For a while the stadium resembled a human Fantasia, a whirl of colour and marching music – barks and bings, bagpipes, klaxons, strange gurgling noises. The volunteers passed through, waving at the crowd and drawing their own ovation. It is hard to do justice to the Tokyo 2020 volunteer army, who have been warm and stoical and endlessly patient with this mess of uncooperative humanity, and all this at a Games many Tokyoites didn’t want.

Athletes parade around the stadium for their final duty at the Games.
Athletes parade around the stadium. Photograph: Jewel Samad/AFP/Getty Images

The nations came and went. Team Russia (Not Russia) waved for the camera.

The oddity of Russia’s presence here in such numbers despite an apparent doping ban – another dismal IOC saga, a tarnishing of the sports it is charged with preserving – was never the fault of the athletes. This was just a bunch of very happy young people having the time of their lives.

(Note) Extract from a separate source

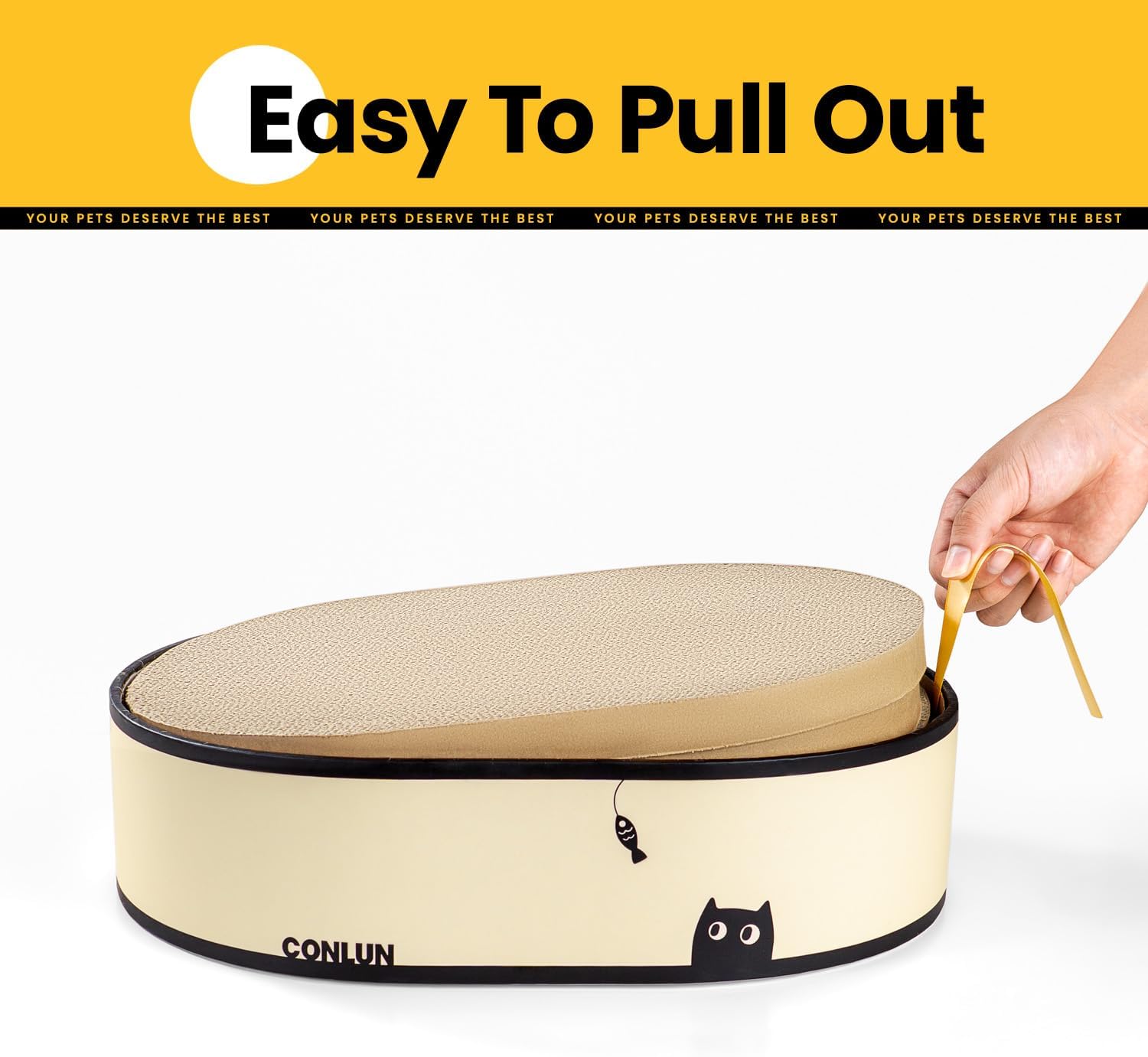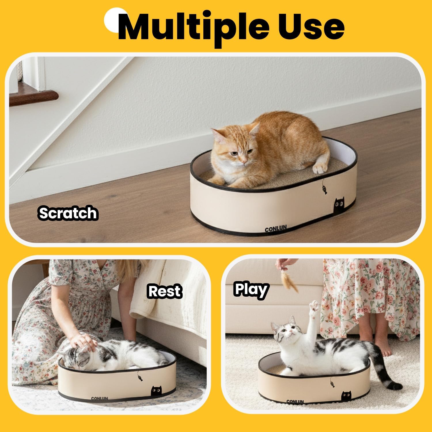 About this item Ideal for Multi-Cat Homes: Each cat scratch box comes with 4 double-sided cat scratch pads refill, durable and easy to replace, perfect for multi-cat households. The double-sided design extends the lifespan of the cat scratching pads, providing your cats with long-lasting scratching fun while reducing the need for frequent replacements, making pet care stress-free. All-in-One Cat Scratching Box: Conlun cat cardboard scratcher combines scratching, playing, and relaxing into one versatile solution, catering to your cat’s various needs. After a satisfying scratch session, your cat can snuggle up comfortably in the cat scratcher box. Whether enjoying it solo or sharing with furry friends, this multi-functional cat scratcher bed offers endless fun and exploration for your cats. Perfect for Gifts: Available in 3 unique designs, this cat scratch pad box seamlessly blends with any home decor while adding a touch of charm. Measuring 16 x 12 x 4 inches, it features a spacious design that accommodates cats of all ages—supporting up to 11 lbs. Whether it’s your cat’s birthday or a special holiday, this cat scratch board box makes a thoughtful and practical gift, bringing comfort to your furry friend and warmth to your home. Protect Your Furniture: Place the kitten scratcher box near your sofa, bed, or your cat’s favorite spots to redirect their attention away from furniture. Designed specifically for cats, it satisfies their scratching instincts while keeping your furniture safe from damage. Achieve a harmonious home where your cats and furniture can coexist peacefully. Mess-Free Scratching Solution: Made with high-quality, dense corrugated cardboard, this cat furniture is built to handle your cat's scratching needs while being gentle on their paws. The enclosed bottom design prevents debris from scattering, keeping your floors and carpets spotless. A practical choice to keep your home tidy and your furry friend happy. › See more product details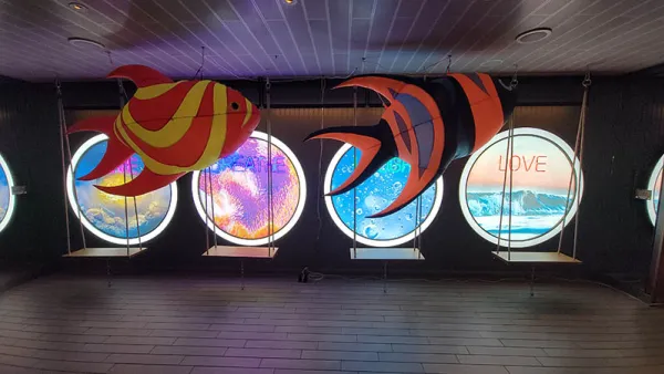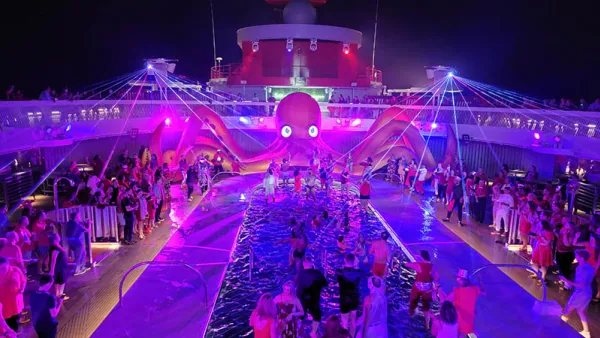 Following dinner we noticed the theme around the ship had really been turned up to eleven. For one, there was a comedically done fake wedding, where the entertainment staff conducted a wedding between two random guests in the mid-ship atrium area...where there was also a massive inflatable sea creature with tentacles. Read that again, it won’t make any more sense later. It was amusing to watch, but I’m not sure I got the point. Anything that guests enjoy is a good thing though. As soon as this was over there were crew and entertainment staff enthusiastically and in very animated ways, encouraging guests to head to the pool deck.

And by now the central carpet was crammed with all the flags of the world, glowing examples of physical splendour, of species power. OK, people of the cosmos. We’re ready for our close up now. That lot over there under the lights. That’s what we’re like. At its best Tokyo 2020 has been like this, not just spectacular but also soothing, a reminder that the world can also be a fun place.

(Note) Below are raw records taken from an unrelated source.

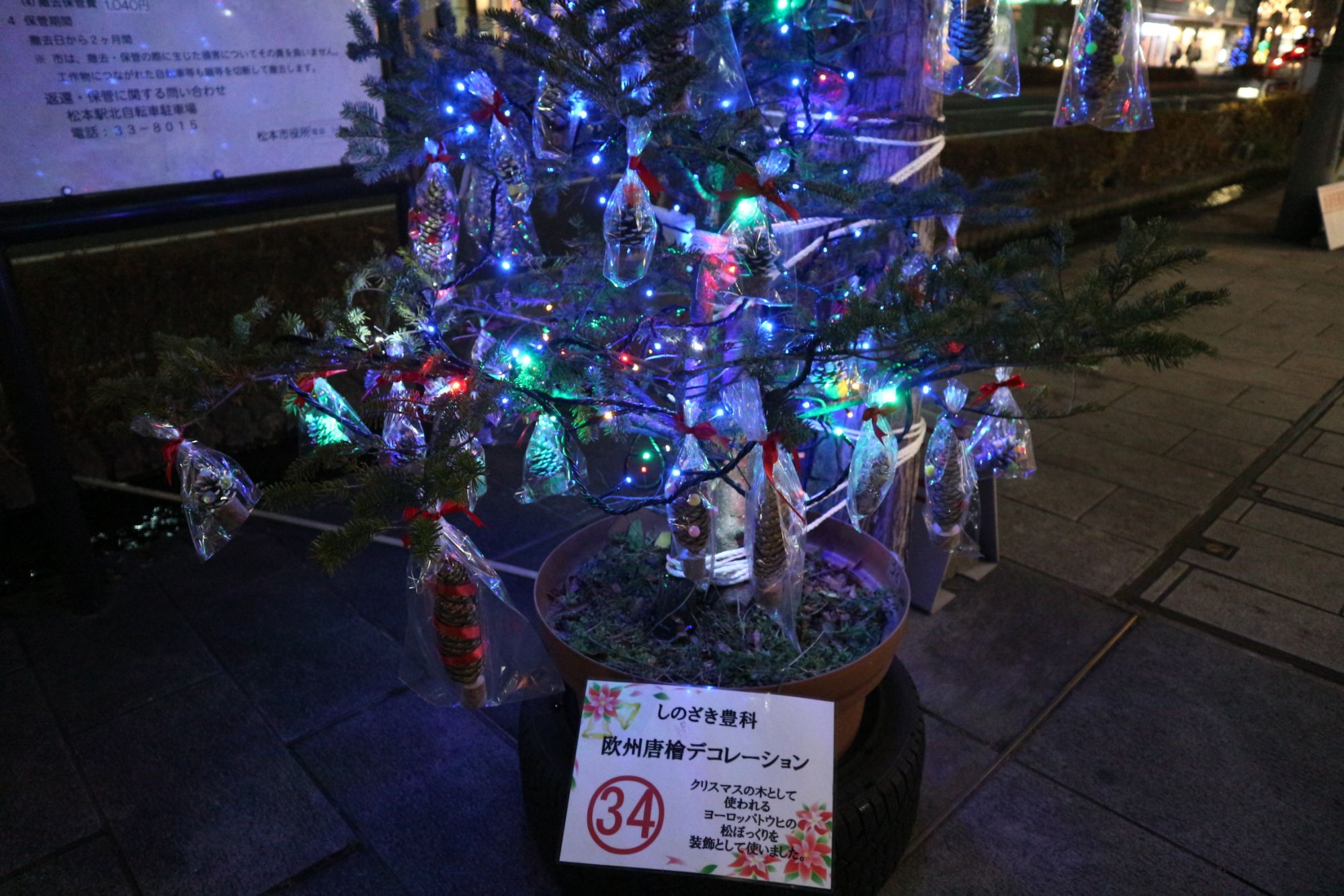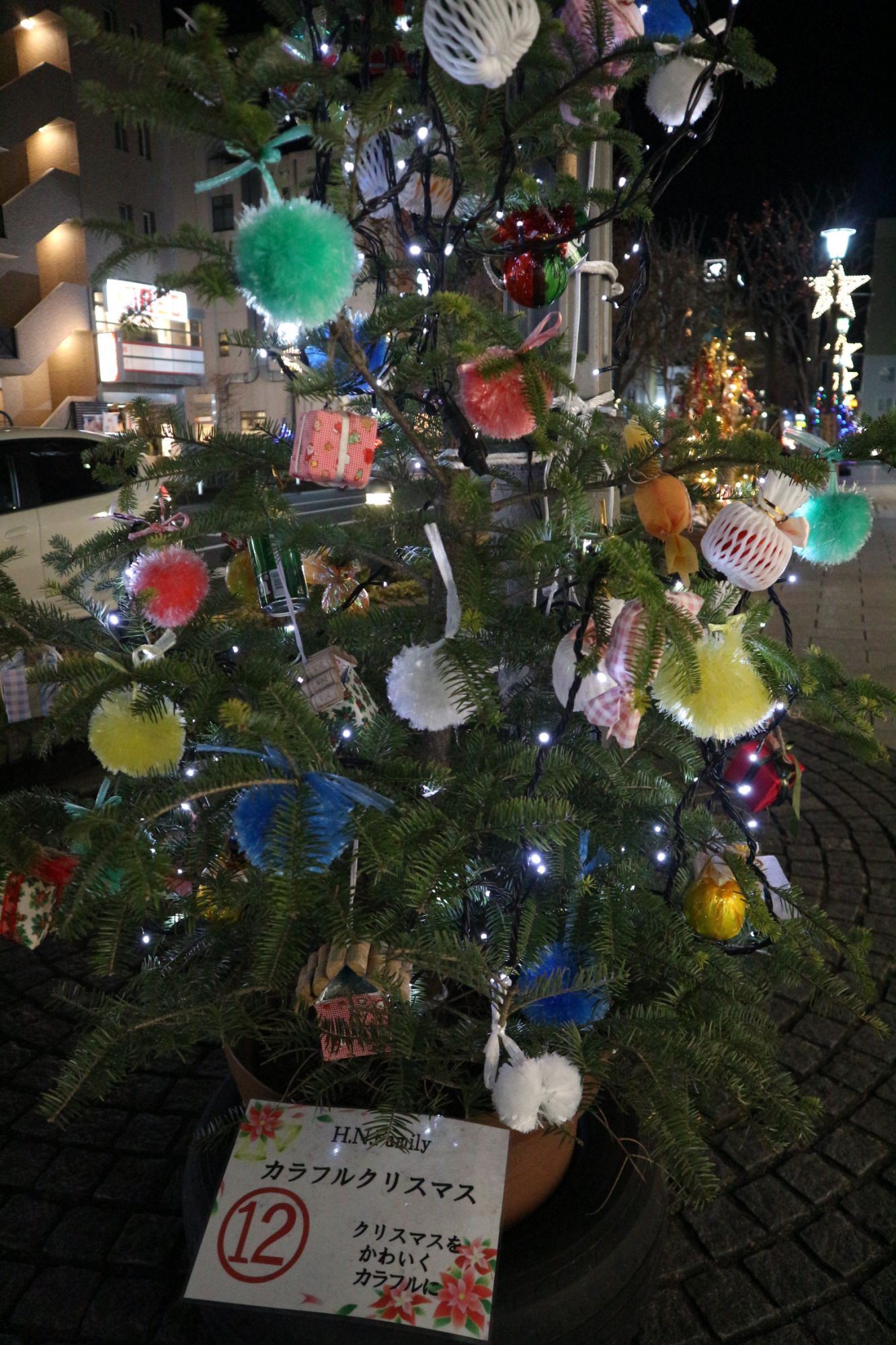 クリスマスツリーコンテスト伊勢町2019 手づくりのツリーが並んでいます!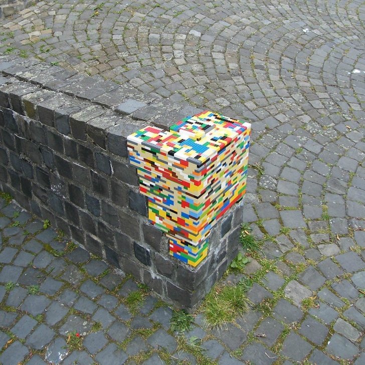 A crumbling old cobblestone wall restored with Legos
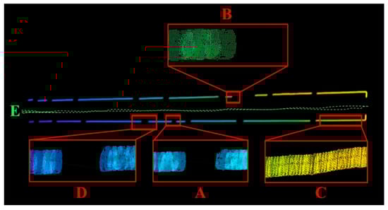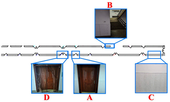 To validate the effectiveness of the proposed approach for mobile environment modeling in weak-texture scenarios, a typical narrow corridor with a depth of 50 m and a width of 2 m was selected as the experimental site. The experimental environment is illustrated in Figure 21, comprising four local areas labeled A, B, C, and D. As shown in Figure 22, area A corresponds to a narrow doorway, area B to a staircase corner, area C to a corridor plane, and area D to a wide doorway.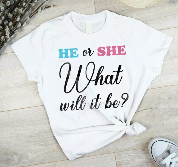 Référence: T4722Ce vêtement accrocheur présente une question amusante sur la révélation du genre, demandant 'What will it be?' avec un texte vibrant. L'utilisation ludique des couleurs ajoute de l'excitation, le rendant parfait pour les célébrations en famille et les moments mémorables.

As the flame was handed over by video link to Paris 2024, skyline captured in a stunningly beautiful film, it was hard again to avoid that duality.

For all the talk of a new “sustainable” Olympics, the world’s largest industrial sporting event will continue to toy with overspending, waste and dubious regimes. Men will appear on plinths talking about peace and love while the stadium noise drowns out the shouts beyond its walls.

And Tokyo will now breathe again, at the end of 14 days of spectator-free, fiercely marshalled competition, from rhythmic gymnastics to the two-person dinghy, from the fastest humans on Earth to the 87kg clean and jerk. This brilliantly seductive mess of a global sporting beano has now finally said goodbye – with grace and verve, but with a sense, also, of relief.